- **TASK**: Of the lines in the data below, write out exactly those from the one holding "CLASSIFICHE II TRIMESTRE 2019" through the one holding "Los contenedores en", both included.

- **LISTED RECORDS**:
########################################
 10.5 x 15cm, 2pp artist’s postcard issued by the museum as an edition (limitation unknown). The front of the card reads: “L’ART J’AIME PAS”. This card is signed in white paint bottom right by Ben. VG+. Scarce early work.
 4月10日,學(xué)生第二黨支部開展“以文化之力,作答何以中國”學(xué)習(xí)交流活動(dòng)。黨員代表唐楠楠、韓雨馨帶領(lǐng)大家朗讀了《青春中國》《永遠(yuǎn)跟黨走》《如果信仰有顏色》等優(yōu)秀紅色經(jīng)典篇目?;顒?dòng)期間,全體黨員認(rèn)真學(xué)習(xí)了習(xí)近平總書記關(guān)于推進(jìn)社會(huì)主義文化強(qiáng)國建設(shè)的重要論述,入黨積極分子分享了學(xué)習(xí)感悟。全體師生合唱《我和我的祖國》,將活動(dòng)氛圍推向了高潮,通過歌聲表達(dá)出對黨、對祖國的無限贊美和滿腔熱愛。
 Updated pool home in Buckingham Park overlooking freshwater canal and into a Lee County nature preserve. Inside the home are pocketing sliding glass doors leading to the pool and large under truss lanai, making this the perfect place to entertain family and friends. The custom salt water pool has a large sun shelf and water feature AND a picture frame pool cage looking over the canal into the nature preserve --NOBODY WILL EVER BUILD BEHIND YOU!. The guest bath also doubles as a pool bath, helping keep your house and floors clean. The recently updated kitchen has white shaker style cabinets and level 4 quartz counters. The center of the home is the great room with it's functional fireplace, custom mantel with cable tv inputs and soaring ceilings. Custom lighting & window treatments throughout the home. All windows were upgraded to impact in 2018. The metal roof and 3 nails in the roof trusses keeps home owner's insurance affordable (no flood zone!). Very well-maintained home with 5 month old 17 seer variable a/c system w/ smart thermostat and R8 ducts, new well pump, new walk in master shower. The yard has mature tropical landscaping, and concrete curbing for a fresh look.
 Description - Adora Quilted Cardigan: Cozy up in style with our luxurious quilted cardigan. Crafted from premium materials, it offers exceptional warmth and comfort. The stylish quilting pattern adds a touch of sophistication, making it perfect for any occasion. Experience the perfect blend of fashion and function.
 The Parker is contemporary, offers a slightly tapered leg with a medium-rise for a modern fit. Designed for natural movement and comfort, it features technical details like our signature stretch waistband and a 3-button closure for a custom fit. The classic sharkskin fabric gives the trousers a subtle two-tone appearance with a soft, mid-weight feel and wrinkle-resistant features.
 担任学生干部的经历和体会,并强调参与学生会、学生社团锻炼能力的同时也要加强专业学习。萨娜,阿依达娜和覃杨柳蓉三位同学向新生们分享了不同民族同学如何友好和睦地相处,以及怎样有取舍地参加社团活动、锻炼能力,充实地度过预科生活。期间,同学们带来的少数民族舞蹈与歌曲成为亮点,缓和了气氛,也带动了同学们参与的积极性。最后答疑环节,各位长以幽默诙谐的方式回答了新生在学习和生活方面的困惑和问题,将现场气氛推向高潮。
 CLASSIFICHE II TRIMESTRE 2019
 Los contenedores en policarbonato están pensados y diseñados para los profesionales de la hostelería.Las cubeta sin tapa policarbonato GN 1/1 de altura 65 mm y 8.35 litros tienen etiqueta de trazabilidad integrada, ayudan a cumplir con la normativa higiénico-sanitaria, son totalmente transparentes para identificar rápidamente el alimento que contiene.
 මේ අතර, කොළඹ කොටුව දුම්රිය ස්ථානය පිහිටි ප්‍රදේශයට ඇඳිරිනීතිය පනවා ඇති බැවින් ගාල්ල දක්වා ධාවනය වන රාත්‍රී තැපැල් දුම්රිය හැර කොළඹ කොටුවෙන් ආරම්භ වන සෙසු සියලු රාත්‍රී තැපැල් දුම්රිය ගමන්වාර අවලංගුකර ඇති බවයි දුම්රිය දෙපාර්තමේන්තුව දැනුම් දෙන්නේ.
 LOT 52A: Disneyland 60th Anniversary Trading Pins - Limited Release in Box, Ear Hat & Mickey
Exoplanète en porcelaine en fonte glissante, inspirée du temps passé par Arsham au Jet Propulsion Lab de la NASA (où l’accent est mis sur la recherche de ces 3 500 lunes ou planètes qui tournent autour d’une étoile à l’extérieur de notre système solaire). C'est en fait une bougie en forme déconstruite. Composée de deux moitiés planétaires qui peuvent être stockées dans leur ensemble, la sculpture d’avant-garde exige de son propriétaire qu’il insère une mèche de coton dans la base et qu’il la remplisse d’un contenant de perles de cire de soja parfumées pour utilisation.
########################################
- **EXPECTED OUTPUT**:
 CLASSIFICHE II TRIMESTRE 2019
 Los contenedores en policarbonato están pensados y diseñados para los profesionales de la hostelería.Las cubeta sin tapa policarbonato GN 1/1 de altura 65 mm y 8.35 litros tienen etiqueta de trazabilidad integrada, ayudan a cumplir con la normativa higiénico-sanitaria, son totalmente transparentes para identificar rápidamente el alimento que contiene.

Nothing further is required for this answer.